■ **WHAT THIS TASK INVOLVES**: No picture belongs in the answer, which must hold exactly the lines from the one with "(照片說明：參觀玻璃工廠)" through the final line below.

______

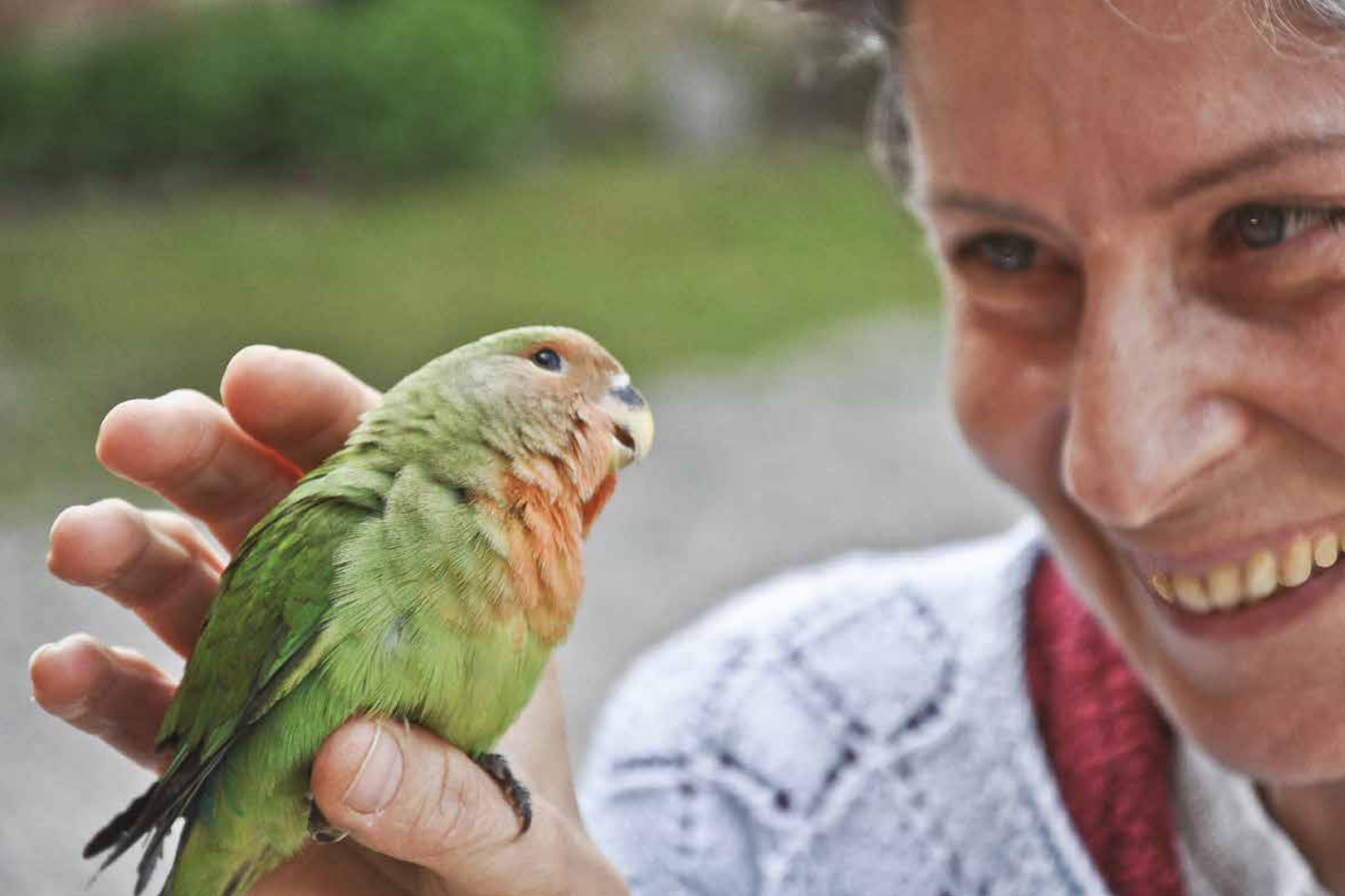
Feeling con Kiki
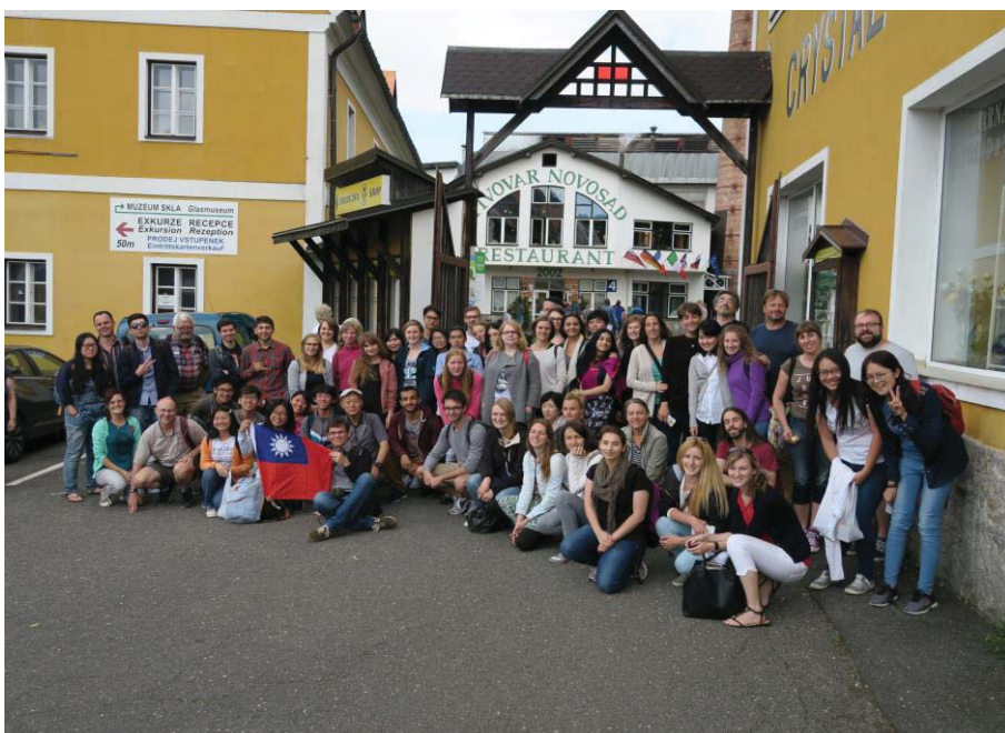
(照片說明：參觀玻璃工廠)
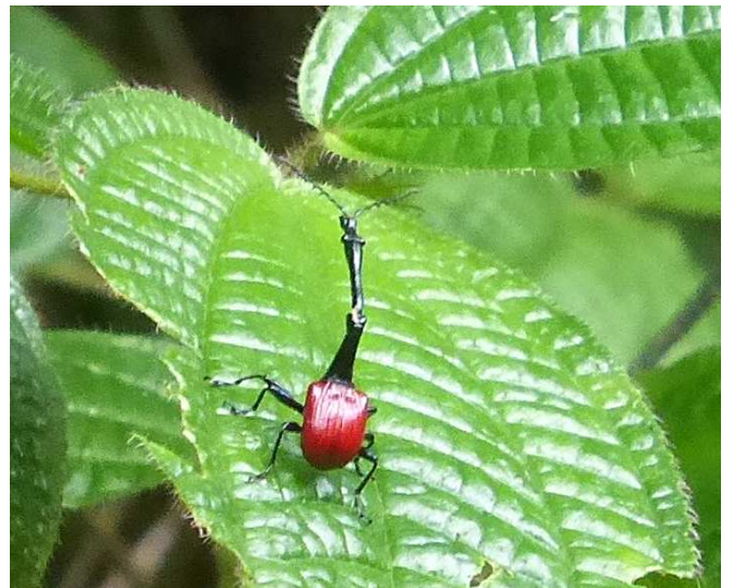
Giraffenhalskäfer ( Trachelophorus giraffa ) im Ranomafana-Nationalpark. © Alexander Dostal.
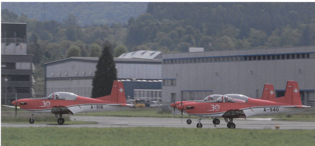
Das PC-7-Team. Die Zahl 30 stammt von seinem runden Geburtstag.
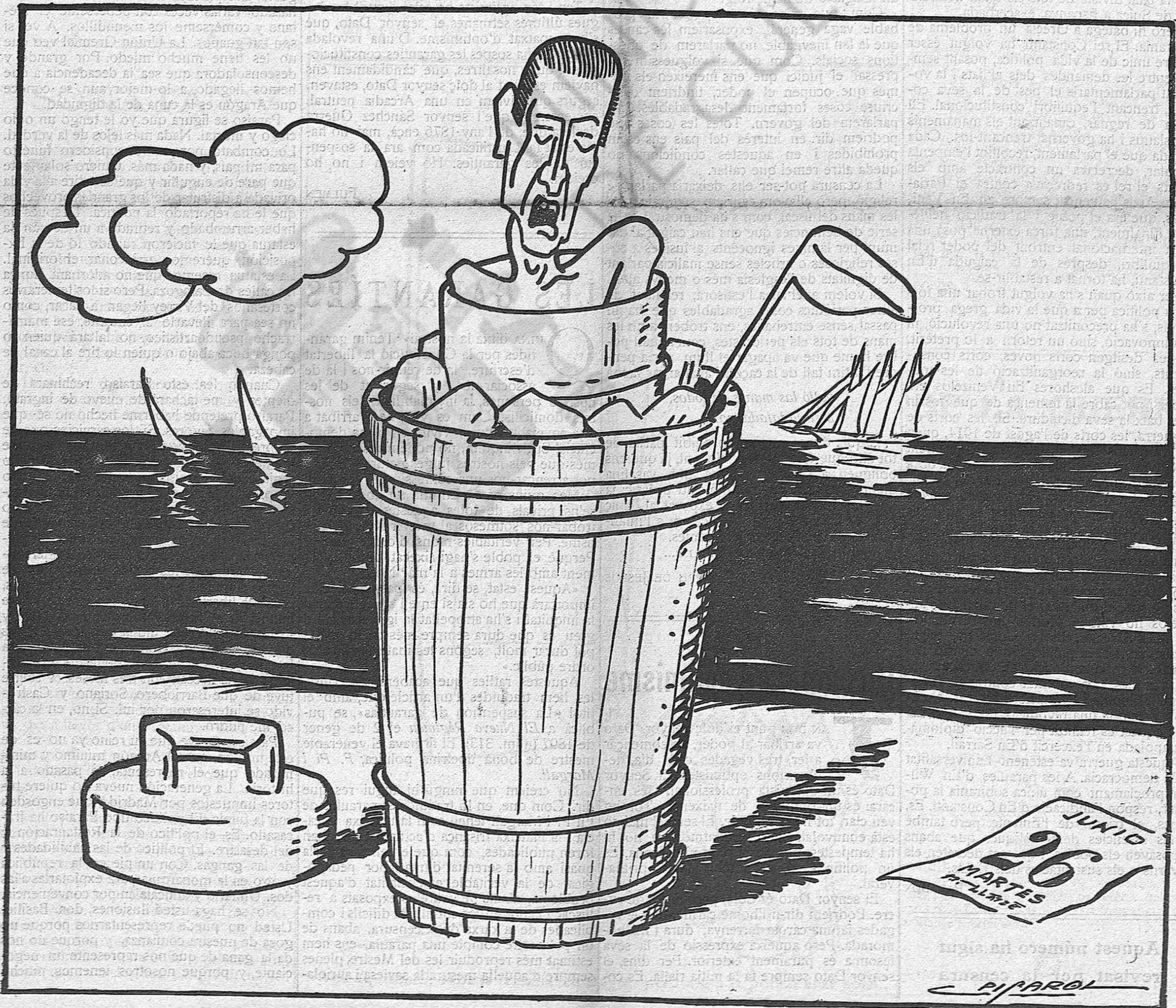
— Ja ho poden veure: fresquets i alegrets!...

______

■ **TASK RESULT**:
(照片說明：參觀玻璃工廠)
Giraffenhalskäfer ( Trachelophorus giraffa ) im Ranomafana-Nationalpark. © Alexander Dostal.
Das PC-7-Team. Die Zahl 30 stammt von seinem runden Geburtstag.
— Ja ho poden veure: fresquets i alegrets!...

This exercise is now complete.